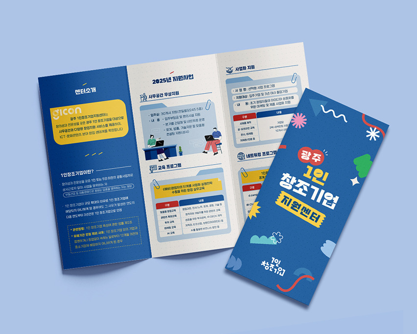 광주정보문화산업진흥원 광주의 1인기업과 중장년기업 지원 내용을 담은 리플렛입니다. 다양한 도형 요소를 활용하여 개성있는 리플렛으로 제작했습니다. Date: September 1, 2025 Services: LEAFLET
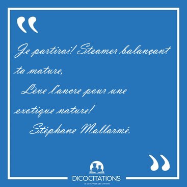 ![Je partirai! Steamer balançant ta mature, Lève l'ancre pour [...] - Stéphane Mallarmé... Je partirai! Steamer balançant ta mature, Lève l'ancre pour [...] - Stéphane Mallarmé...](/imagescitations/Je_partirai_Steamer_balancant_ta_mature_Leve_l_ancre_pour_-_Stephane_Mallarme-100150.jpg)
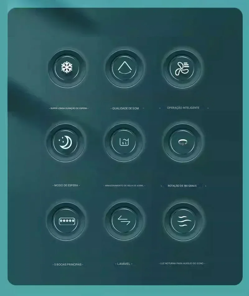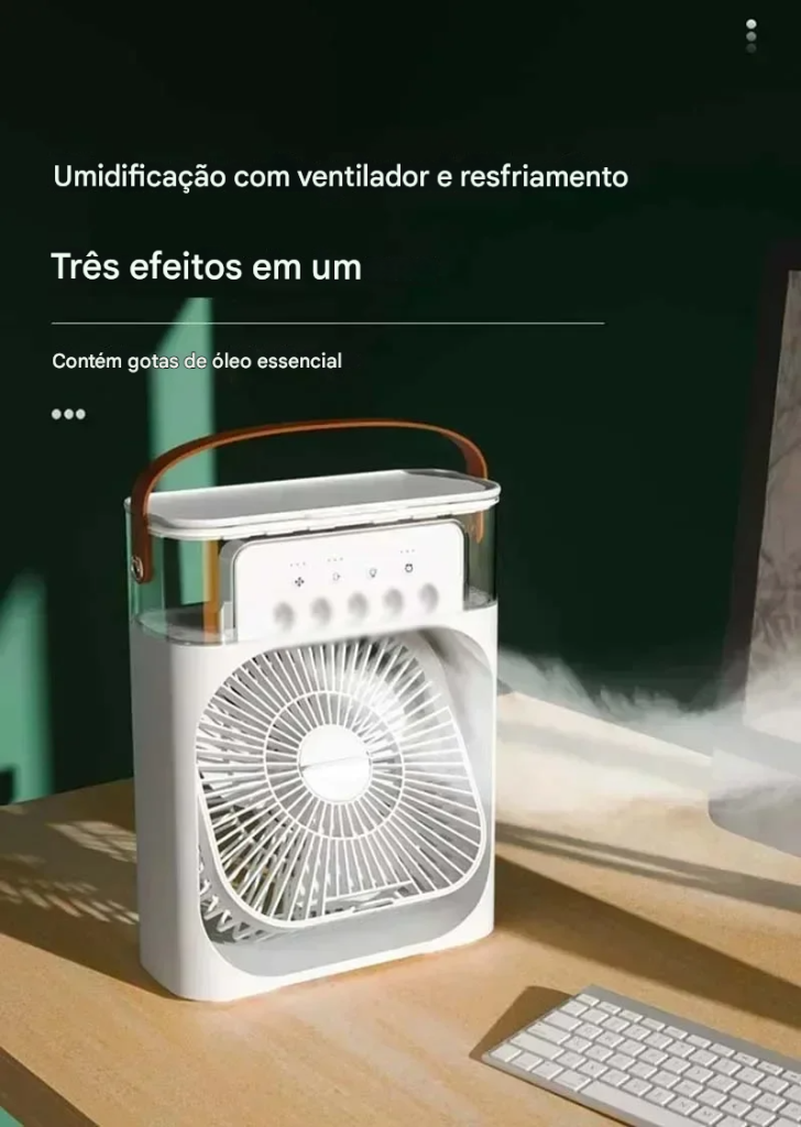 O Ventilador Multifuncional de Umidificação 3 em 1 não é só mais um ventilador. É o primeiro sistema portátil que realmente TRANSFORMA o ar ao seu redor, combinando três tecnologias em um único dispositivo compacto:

________________________

Work instruction:
Copy out the data verbatim, excluding the pictures.

Task answer:
 광주정보문화산업진흥원 광주의 1인기업과 중장년기업 지원 내용을 담은 리플렛입니다. 다양한 도형 요소를 활용하여 개성있는 리플렛으로 제작했습니다. Date: September 1, 2025 Services: LEAFLET
 ![Je partirai! Steamer balançant ta mature, Lève l'ancre pour [...] - Stéphane Mallarmé... Je partirai! Steamer balançant ta mature, Lève l'ancre pour [...] - Stéphane Mallarmé...](/imagescitations/Je_partirai_Steamer_balancant_ta_mature_Leve_l_ancre_pour_-_Stephane_Mallarme-100150.jpg)
 O Ventilador Multifuncional de Umidificação 3 em 1 não é só mais um ventilador. É o primeiro sistema portátil que realmente TRANSFORMA o ar ao seu redor, combinando três tecnologias em um único dispositivo compacto:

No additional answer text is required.